Em todos os casos de declínio conhecidos, o Estado serviu precisamente para esse tipo de redistribuição perversa dos recursos públicos, gerando o fenômeno conhecido pelos economistas como “crowding-out”, isto é, a captura da poupança privada pelo próprio Estado e pelos rentistas profissionais e sua apropriação pelo próprio Estado (e seus amigos), o que provoca deseconomias de escala e erosão do investimento produtivo. Os grupos politicamente mais bem articulados conseguem acesso aos planejadores e legisladores do orçamento público, deixando ao relento os setores menos organizados. Isso geralmente implica em concentração de renda e ausência de um mercado interno dinâmico. Os exemplos de declínio e de estagnação coincidem, justamente, com o que Veblen chamaria de “consumo conspícuo” das elites, em total indiferença em relação ao conjunto dos cidadãos.

Não se pense, por fim, que tudo se faz em benefício do “grande capital monopolista” e em detrimento da “classe trabalhadora”. Sindicatos são máquinas organizadas para criar escassez de mão-de-obra e para produzir desemprego, atuando em perfeita sincronia – nem sempre funcional, é verdade – com os sindicatos de patrões, com vistas a extorquir recursos do resto da sociedade desorganizada. Viceja, nos casos típicos de declínio econômico prolongado, uma espécie de “pacto perverso”, pelo qual ambos sindicatos entram em conluio – algumas vezes de forma involuntária ou até inconsciente – em favor de seus ganhos respectivos, repassando os custos para o resto da sociedade. A desigualdade distributiva nem sempre é “aristocrática”...

 

4. Não acatamento da lei pelos cidadãos e pelos próprios agentes públicos. 

A decadência, como já afirmado, nem sempre se traduz em pobreza material, ao contrário, pois sociedades decadentes são, igualmente, sistemas de relativa abundância, pelo menos para os privilegiados. Mas, a decadência verdadeira sempre implica em miséria moral, a começar por um sistemático, no começo sutil, depois disseminado, desrespeito à lei e às boas normas de convivência. Uma sociedade não começa a decair com o aumento da delinquência comum e com a expansão da criminalidade de baixa extração, mas justamente com o desprezo pela lei por parte dos poderosos e dos próprios encarregados de manter a ordem. Sociedades patrimonialistas são naturalmente mais propensas a esse tipo de corrupção moral, como evidenciado na trajetória do império otomano, mas nem mesmo sistemas “tecnocráticos” estão imunes a esse tipo de evolução involutiva, se é possível este tipo de trajetória. O império chinês, com seu imenso corpo de mandarins bem treinados, talvez tenha conhecido itinerário semelhante, antes mesmo de o país ser invadido e humilhado pelos imperialistas ocidentais (e depois japoneses). 
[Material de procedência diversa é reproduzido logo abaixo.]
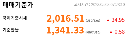 국제 실시간 금시세는 1T.oz(약31.1g) 당 2,016.51달러로 전일대비 34.95달러 상승했습니다. 그리고 기준환율은 1달러에 1,341.33원으로 전일대비 0.56원 상승하였습니다.
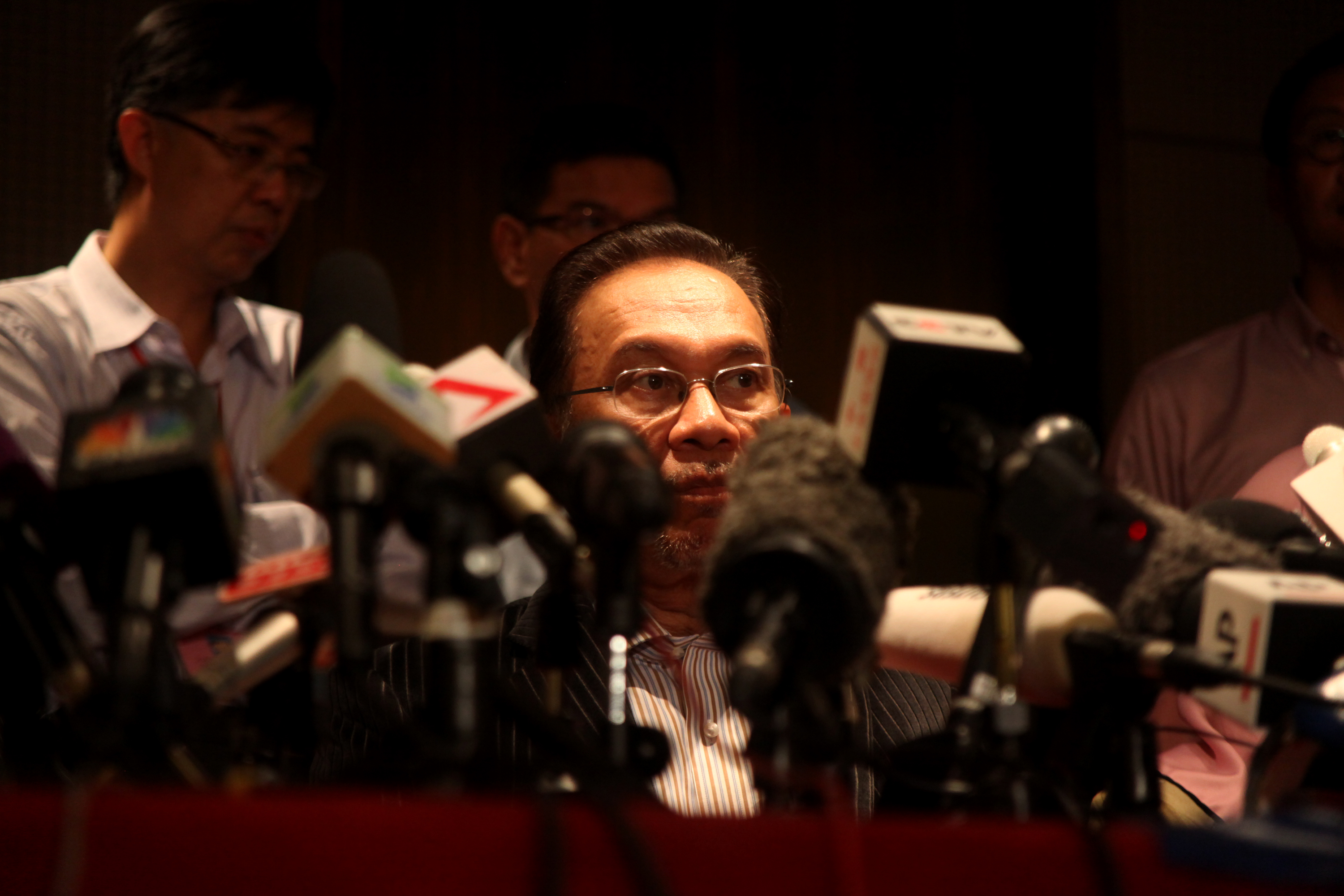 G_Malaysia_GE13_130504_0301_SM Published May 27, 2013 at 3000 × 2000 in 돈잔치 사람잔치 말레이시아 선거 Next → 말레이시아 야권연대 ‘인민동맹’ (PR)을 사실상 이끌고 있는 안와르 이브라힘. 13대 총선이 치뤄진 5월 5일 안와르는 다른 야당 대표들과 함께 자정을 넘겨서야 기자회견장에 나타났다. 여권연정 민족전선 (BN)이 승리한 것으로 윤곽이 드러날 무렵이었기에 피곤하고 쓰라린 표정들이 역력했다. (Photo by Lee Yu Kyung)
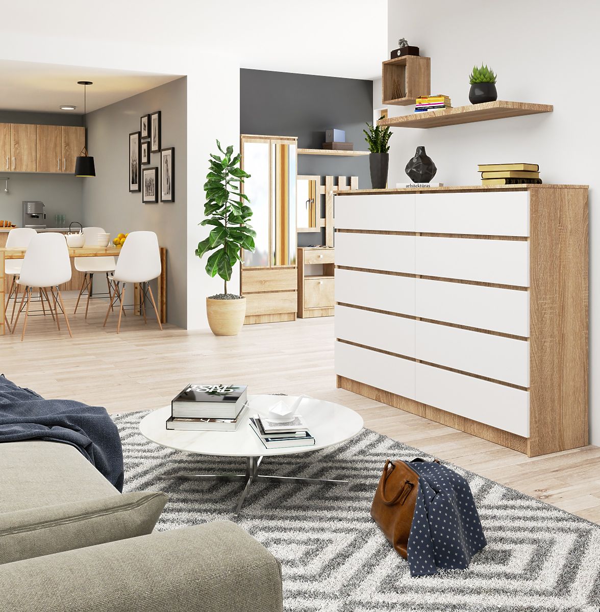 Comodă spațioasă cu 10 sertare, design modern stejar sonoma și alb. .. mai mult
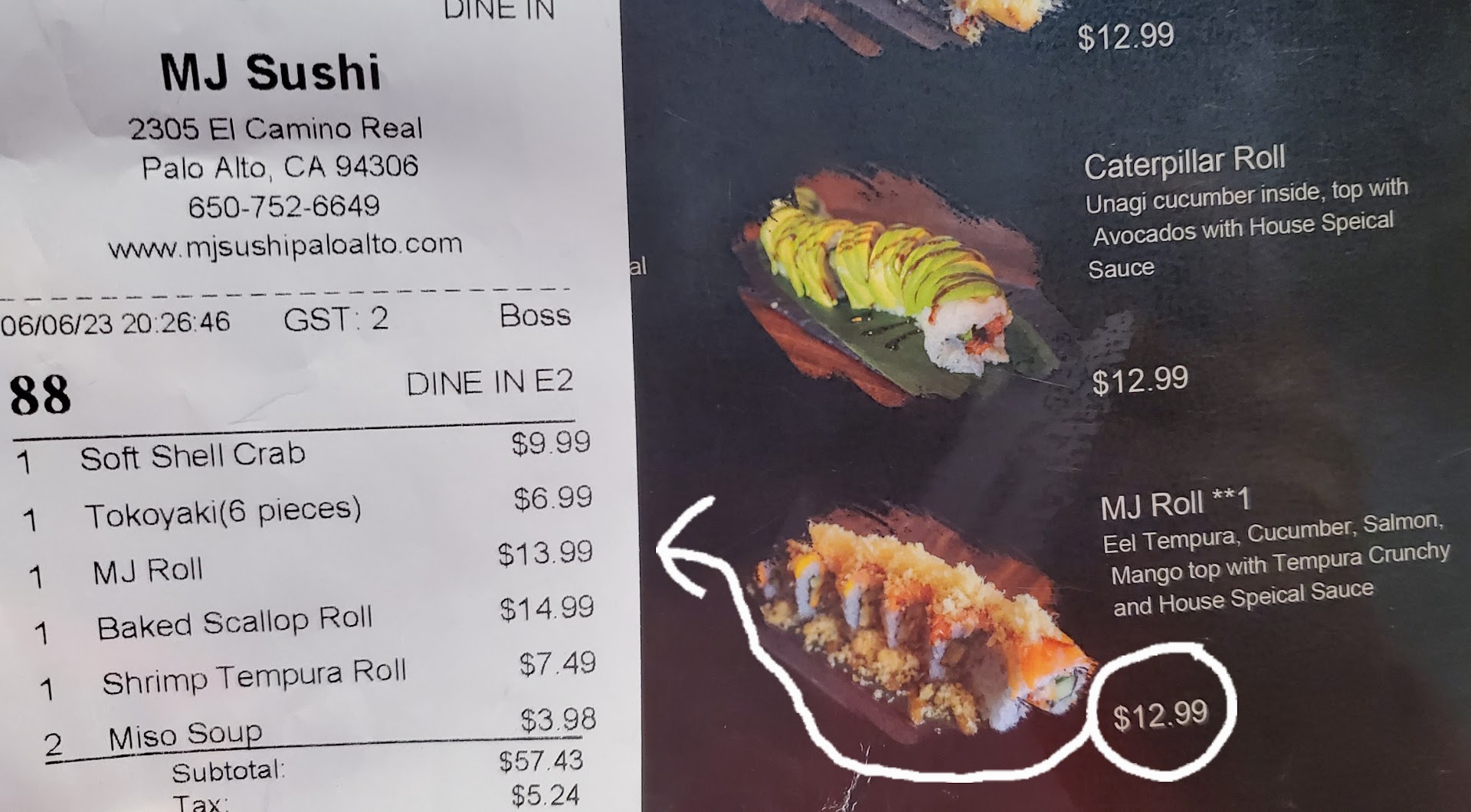 The worse thing was the prices. I asked the waitress why the orders have different prices from the receipt to the menu and she said, it just happened today. I just let it go, all I wanted was to know the reason. For the establishment to not notify you of the price change before the food gets to your table is, I feel like something illegal and very unprofessional. Check the photos I...
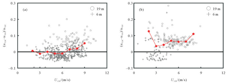 ( U10N为海面10 m风速,纵坐标代表二次旋转与平面拟合法校正后的空气摩擦速度的相对偏差。图(a)是-0.1<z/L<0.1条件情况,图(b)是z/L≥0.1条件情况。图中圆圈为19 m高度处数据,加号为6 m高度处数据。U10N is the 10 m wind speed over the sea surface, and the ordinate denotes the relative deviation of the air friction velocity derived from the double rotation method versus the planar fit method. Figure (a) shows the case for-0.1<z/L<0.1, and figure (b) corresponds to z/L≥0.1. In the figures, circles represent data at 19 m height, while plus signs denote data at 6 m height. ) 图 10 不同大气稳定度条件下二次旋转和平面拟合法计算出的摩擦速度相对误差情况 Fig. 10 The relative errors in friction velocity calculated using the double rotation and planar fit methods under different atmospheric stability conditions |
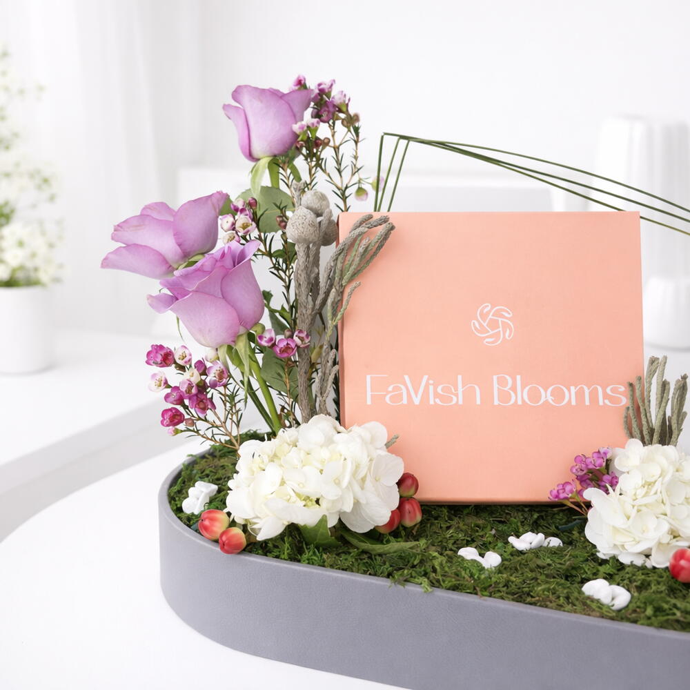 Expression de sophistication moderne et de charme intemporel, le coffret floral chocolat « Élégance Fraîche » est une création raffinée conçue pour impressionner. Cette élégante composition comprend : 1 hortensia blanc 5 roses violettes 2 tiges de fleurs de cire roses 2 tiges de baies d’hypericum rouges 3 brins d’herbe artificielle Pierres blanches décoratives 16 truffes au chocolat de qualité supérieure Présenté dans un luxueux coffret en cuir orné de mousse naturelle, ce coffret allie la richesse des textures florales à la gourmandise des chocolats artisanaux, créant un équilibre parfait entre romantisme et raffinement. Des tons lavande délicats se mêlent à la fraîcheur des fleurs blanches, sublimés par des brins d’herbe artificielle et des touches de baies éclatantes. Accompagné de 16 truffes artisanales, ce coffret est idéal pour les anniversaires, les fêtes, les cadeaux d’entreprise ou pour une surprise élégante à Dubaï.
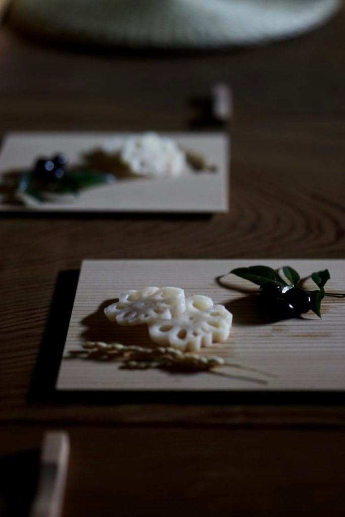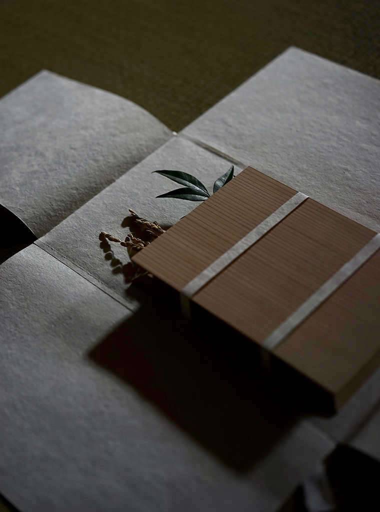 山野での植物採取に欠かせない「野冊」。古くから竹や板で植物を挟み、持ち歩くための用具として使われてきました。その野冊からイメージを膨らませた「あしらいかいしき」は二枚の杉板の間におせち料理に飾られる南天の葉や稲穂などを挟んだ簡素なものです。植物は切り分けて、杉板は向かい皿として、二枚の杉板の間に差し込まれている箸置きと一緒にお使いいただけます。新年を彩る草木のあしらいに野冊の遊び心を加えました。
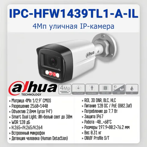 Dahua DH-IPC-HFW1439TL1-A-IL — это современная 4-мегапиксельная уличная цилиндрическая камера, сочетающая доступную цену и передовые технологии. Ключевой особенностью является интеллектуальная гибридная подсветка Smart Dual Light, которая обеспечивает цветное видео ночью только при обнаружении человека, экономя энергию и снижая световое загрязнение. Встроенная детекция человека и WDR 120 дБ гарантируют высокую точность и качество изображения в любых условиях. Эффективное сжатие Smart H.265+ и поддержка PoE делают камеру идеальным выбором для малого и среднего бизнеса, частных домовладений и объектов, где требуется надежное и экономичное решение для видеонаблюдения.

O desrespeito à lei, ou mesmo a contravenção pura e simples por parte dos poderosos, constituem o traço mais visível do declínio moral de uma sociedade. Quando as suas elites, em especial o seu corpo dirigente, recorrem a expedientes escusos, quando não a práticas claramente criminosas, para extrair benefícios para si, pode-se constatar que a sociedade caminha célere para a sua decadência. Não se deve, porém, confundir, artifícios ilegais, ou no limite da legalidade, empregados por algumas elites econômicas – como caixa dois, elisão ou evasão fiscal ou ainda pagamentos por fora – como representando necessariamente sinônimo de decadência. O setor produtivo pode ser especialmente competitivo e gerencialmente capaz, apenas que penalizado por um Estado voraz, por dirigentes políticos de comportamento predatório, sendo levado a utilizar-se do recurso a esse tipo de expediente como uma forma de “defesa patrimonial”. É, aliás, o que fazem a maioria dos cidadãos que buscam evadir o fisco, uma vez que adquiriram a consciência de que os impostos pagos diretamente e os tributos recolhidos indiretamente não retornam proporcionalmente sob a forma de serviços públicos. 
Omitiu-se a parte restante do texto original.